Entropy 2014, 16(6), 3049-3061; doi:10.3390/e16063049
Article

Using Permutation Entropy to Measure the Changes in EEG Signals During Absence Seizures

1,2email, 3email, 4email and 1,5,* email
Received: 14 April 2014; in revised form: 26 May 2014 / Accepted: 27 May 2014 / Published: 30 May 2014
(This article belongs to the Special Issue Entropy and Electroencephalography)

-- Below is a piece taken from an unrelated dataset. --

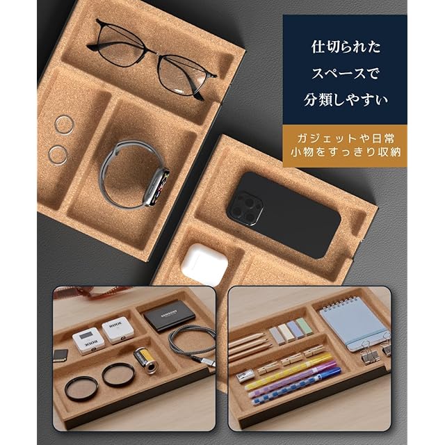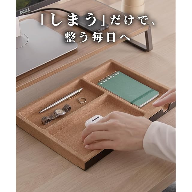 【 デスクライザー対応で快適な収納スペースを確保 】 デスクライザーやデスクスタンドの下にすっきり収まり、USB・SDカード・鍵・アクセサリーなどの小物を整理整頓。デスク上の散らかりを解消し、作業効率を向上させます。※カトラリーや日用品の収納にもご活用いただけます。ただし、コルク素材の特性上、水濡れや食品との直接接触にはご注意ください。

This is an open access article distributed under the Creative Commons Attribution License which permits unrestricted use, distribution, and reproduction in any medium, provided the original work is properly cited.
Abstract: In this paper, we propose to use permutation entropy to explore whether the changes in electroencephalogram (EEG) data can effectively distinguish different phases in human absence epilepsy, i.e., the seizure-free, the pre-seizure and seizure phases. Permutation entropy is applied to analyze the EEG data from these three phases, each containing 100 19-channel EEG epochs of 2 s duration. The experimental results show the mean value of PE gradually decreases from the seizure-free to the seizure phase and provides evidence that these three different seizure phases in absence epilepsy can be effectively distinguished. Furthermore, our results strengthen the view that most frontal electrodes carry useful information and patterns that can help discriminate among different absence seizure phases.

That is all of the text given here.